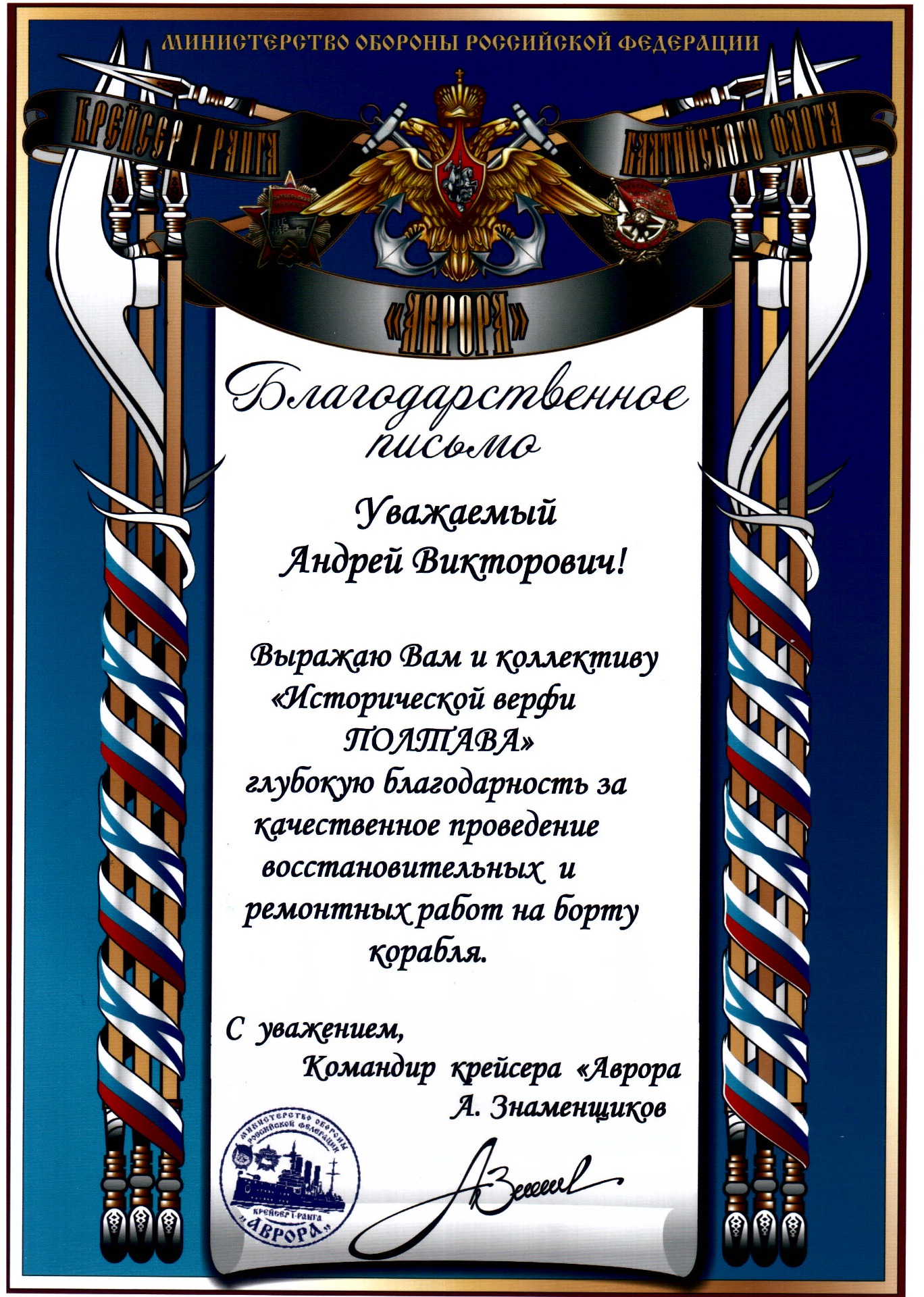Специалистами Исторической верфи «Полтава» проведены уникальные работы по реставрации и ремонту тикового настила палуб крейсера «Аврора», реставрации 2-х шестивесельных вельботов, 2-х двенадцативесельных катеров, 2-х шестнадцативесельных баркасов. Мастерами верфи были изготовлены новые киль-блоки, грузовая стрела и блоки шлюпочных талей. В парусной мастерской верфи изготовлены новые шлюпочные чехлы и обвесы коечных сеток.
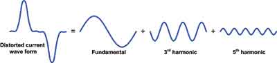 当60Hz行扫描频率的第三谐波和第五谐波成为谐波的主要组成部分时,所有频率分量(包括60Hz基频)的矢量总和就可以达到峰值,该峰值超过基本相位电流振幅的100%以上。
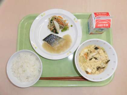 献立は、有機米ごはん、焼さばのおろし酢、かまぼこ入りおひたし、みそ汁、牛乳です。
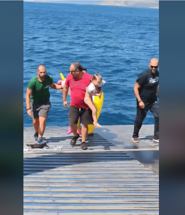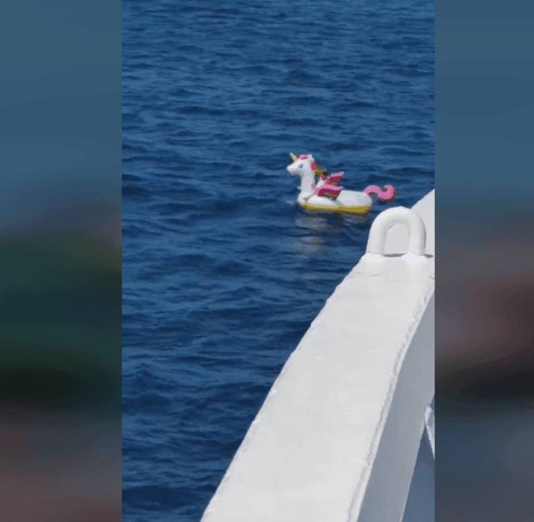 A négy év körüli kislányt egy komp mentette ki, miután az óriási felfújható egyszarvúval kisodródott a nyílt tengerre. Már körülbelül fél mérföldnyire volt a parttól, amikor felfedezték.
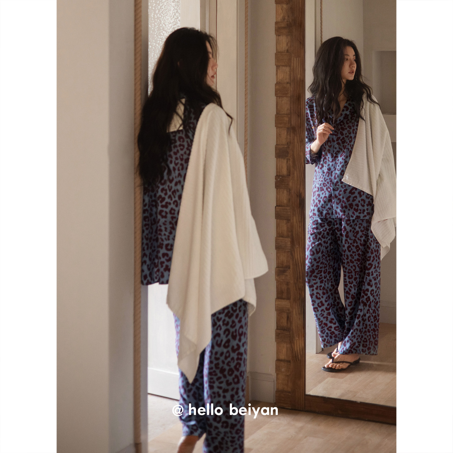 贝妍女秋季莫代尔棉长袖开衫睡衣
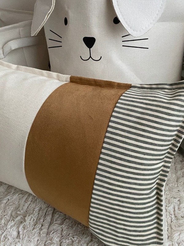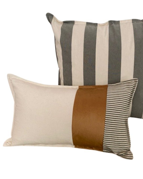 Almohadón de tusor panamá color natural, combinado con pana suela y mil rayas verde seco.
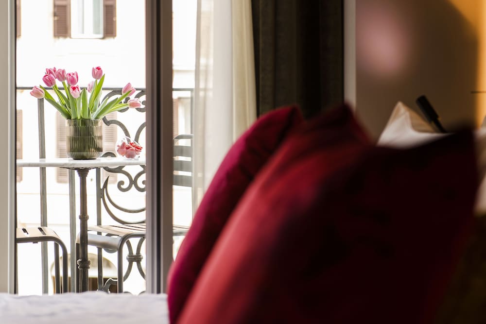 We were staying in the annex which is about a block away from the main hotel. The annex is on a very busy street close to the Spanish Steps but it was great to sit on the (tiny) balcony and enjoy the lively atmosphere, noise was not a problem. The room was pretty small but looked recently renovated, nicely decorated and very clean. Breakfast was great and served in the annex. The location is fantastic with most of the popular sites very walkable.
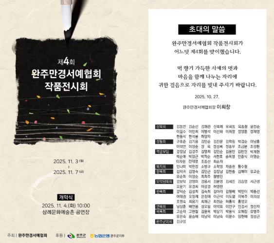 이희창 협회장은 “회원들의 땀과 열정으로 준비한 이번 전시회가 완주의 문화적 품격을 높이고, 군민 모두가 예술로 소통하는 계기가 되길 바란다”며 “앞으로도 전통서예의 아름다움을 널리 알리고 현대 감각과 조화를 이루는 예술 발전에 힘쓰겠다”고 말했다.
--
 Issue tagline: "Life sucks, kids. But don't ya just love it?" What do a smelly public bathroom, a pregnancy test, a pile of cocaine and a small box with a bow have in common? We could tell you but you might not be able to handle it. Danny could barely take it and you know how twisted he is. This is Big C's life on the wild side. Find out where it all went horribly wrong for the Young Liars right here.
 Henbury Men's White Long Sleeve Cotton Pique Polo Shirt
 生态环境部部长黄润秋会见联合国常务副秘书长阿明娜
--
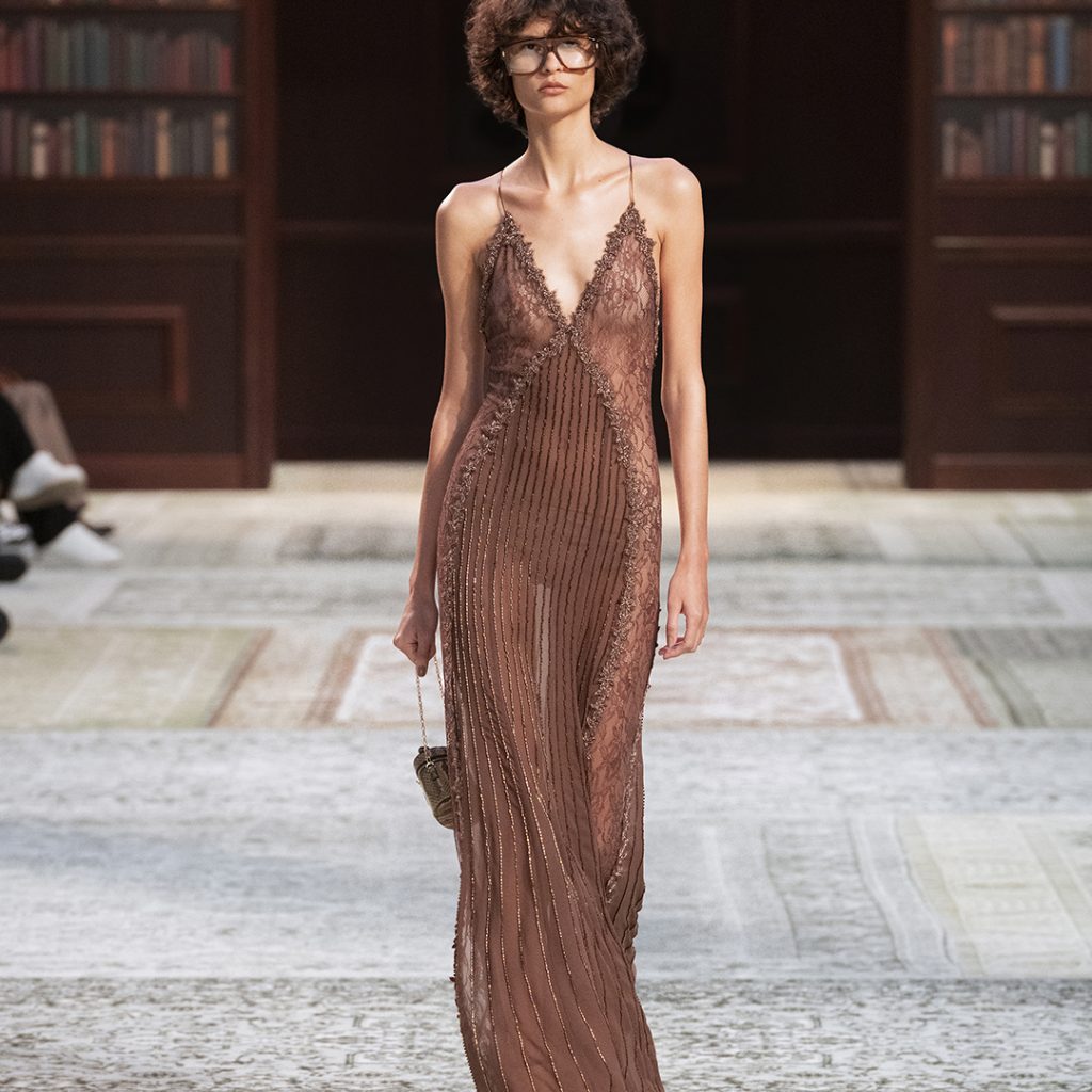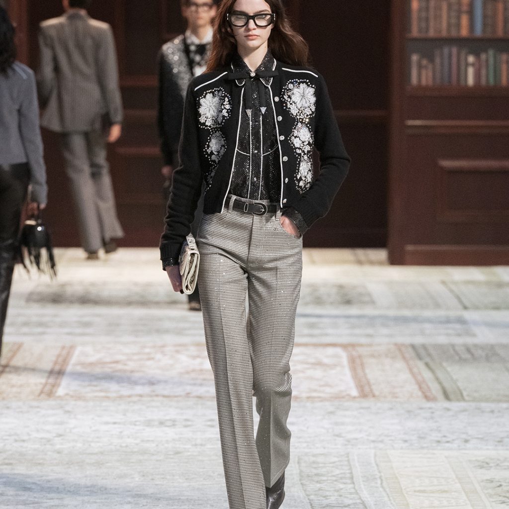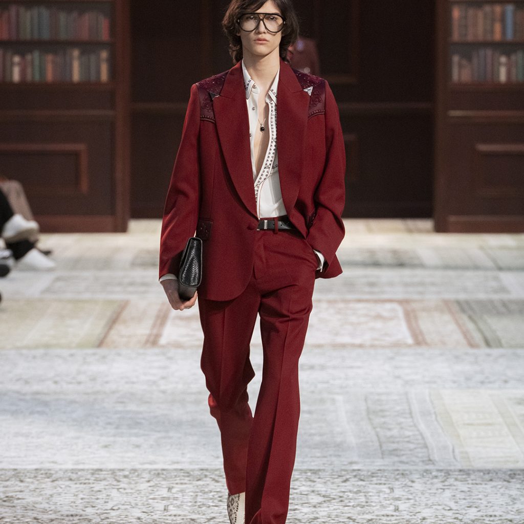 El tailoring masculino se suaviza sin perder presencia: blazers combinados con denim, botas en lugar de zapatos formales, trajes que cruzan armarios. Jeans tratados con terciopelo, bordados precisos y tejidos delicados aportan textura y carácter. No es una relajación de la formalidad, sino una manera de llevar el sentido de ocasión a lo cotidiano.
--
**Exercise prompt:** The lines to copy exactly start with the line above that has "We were staying" and go on through the line that has "땀과 열정으로 준비한"; please include both, add nothing else, and omit the pictures.

**Answer to this exercise:**
 We were staying in the annex which is about a block away from the main hotel. The annex is on a very busy street close to the Spanish Steps but it was great to sit on the (tiny) balcony and enjoy the lively atmosphere, noise was not a problem. The room was pretty small but looked recently renovated, nicely decorated and very clean. Breakfast was great and served in the annex. The location is fantastic with most of the popular sites very walkable.
 이희창 협회장은 “회원들의 땀과 열정으로 준비한 이번 전시회가 완주의 문화적 품격을 높이고, 군민 모두가 예술로 소통하는 계기가 되길 바란다”며 “앞으로도 전통서예의 아름다움을 널리 알리고 현대 감각과 조화를 이루는 예술 발전에 힘쓰겠다”고 말했다.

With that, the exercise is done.